Но было поздно: Карл Федорыч Фукс, бодро скрипя ступеньками, уже взбегал в башенный этаж своего обиталища, похожего не то на православный храм, не то на провиантский склад.
Они виделись до этого лишь однажды, на вечере у незадачливого местного пииты Городчанинова, глупого и напыщенного старика, чьи оды некогда одобрил по доброте беспечной Державин. Фукс привез жену, похвастался новонайденными кипчакскими монетами и, умиленно покивав новым стихам казанского Хвостова, безжалостно осмеиваемого даже здешними сочинителями, пробормотав шепеляво: "Карашо, очь, очь карашо,- я только на один маленький часочек",- поехал в татарскую слободу пользовать какую-то старуху...
Но Карл Федорыч просиял такой счастливой и обильной улыбкой, так приветливо потряс руку гостя, что даже мысль о ретираде показалась Баратынскому прямым злодейством.

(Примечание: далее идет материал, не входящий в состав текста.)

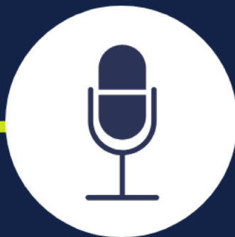
Paid News & Social Media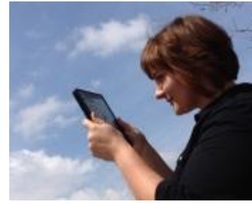
BOOST MICRO LEARNING Learn More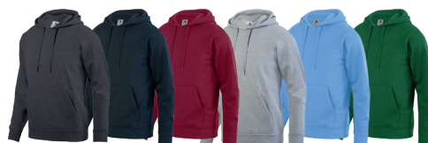
CARBON HEATHER 083 BLACK 080 CARDINAL J36 CHARCOAL HEATHER 017 COLUMBIA BLUE 089 DARK GREEN 035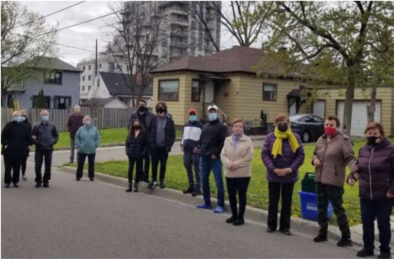
A few concerned members of South Kipling Residents' Associations (seniors, disabled & children)!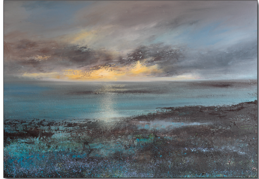
Amanda Hoskin. Setting Sun, Mount's Bay Mixed Media 27.5x40in (70x101cm)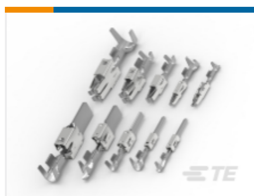
TE Part # CAT-T4827-T273 TIMER, RECEPTACLE AND TAB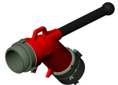
Anti-Recoil DIN 14-368 - 2.5"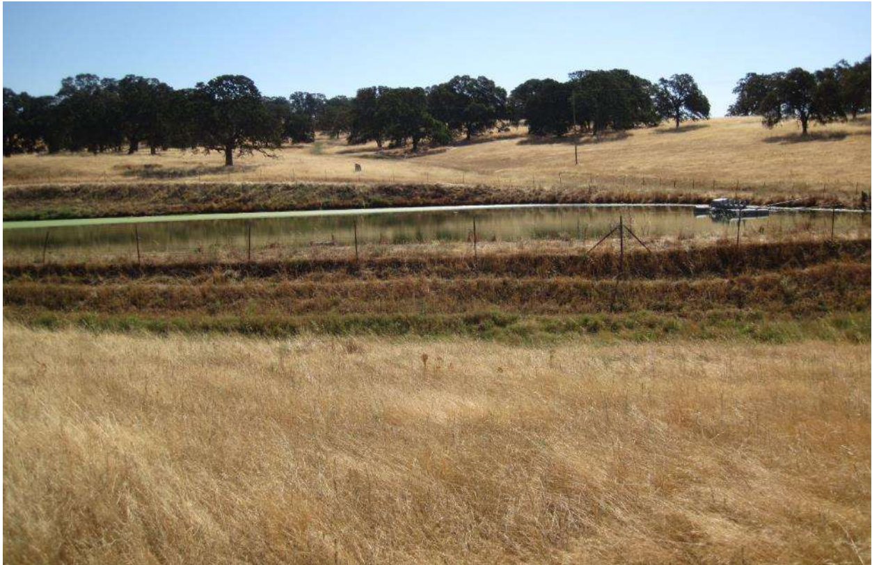
Figure 1. North Shore Recreation Area sewage pond. June 29, 2017.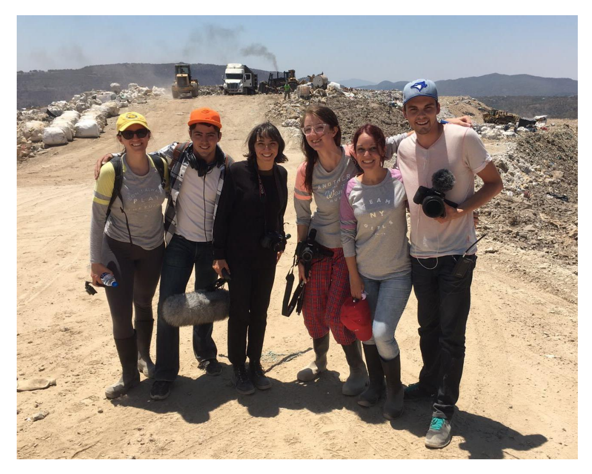
MRU and TEC students working on their documentary film, Pepinadores - Trash Collectors, June, 2017

MOUNT ROYAL – TEC de MONTERREY Study Abroad in Mexico – June 1 – July 5, 2019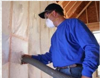
Blow Behind Netting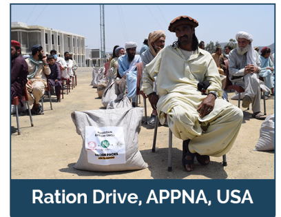
Ration Drive, APPNA, USA

За обедом прислуживала Меропинька, незаметная золотушная черемиска, благоговевшая перед своими хозяевами. Она была сирота, родом из Высокой Горы - деревни, расположенной близ Энгельгардтовых Каймар. Это ничтожное обстоятельство чем-то тронуло его: Меропинька была ровесницей Настеньки, ее соседкой по деревенскому детству, по степному заволжскому воздуху... И он с удовольствием подумал о том, что скоро в Каймары, что предстоит долгое счастливое лето, в конце которого жена должна разрешиться от нового своего бремени, и что Каймары, к которым привыкалось так трудно, напоминают Мару не только именем, но также широкой степной размашистостью и резкой определенностью своих жаров и морозов.
Фукс с уморительной старательностью рассказывал, какая проказница была Меропинька в детстве: однажды напугала до смерти всю прислугу, явившись к обеду в ожерелье из живых извивающихся ужей, а вдругорядь (Фукс произнес: фтрукорядь) утащила из кабинета череп, надела на палку и, завернув в простыню, выставила на балконе - к ужасу соседей и прохожих, нажаловавшихся самому губернатору Жеванову.
- Педный, педный,- сокрушенно примолвил доктор. - Умер прошлый код холерой. Николи не полел и фтрук умер.
- Ты сам, друг мой, чуть не умер,- укоризненно напомнила Александра Андреевна.- Поверите ли, любезный Евгений Абрамович,- спал не более двух часов в сутки, собственноручно обмывал больных, чуть не к каждому на дом ездил!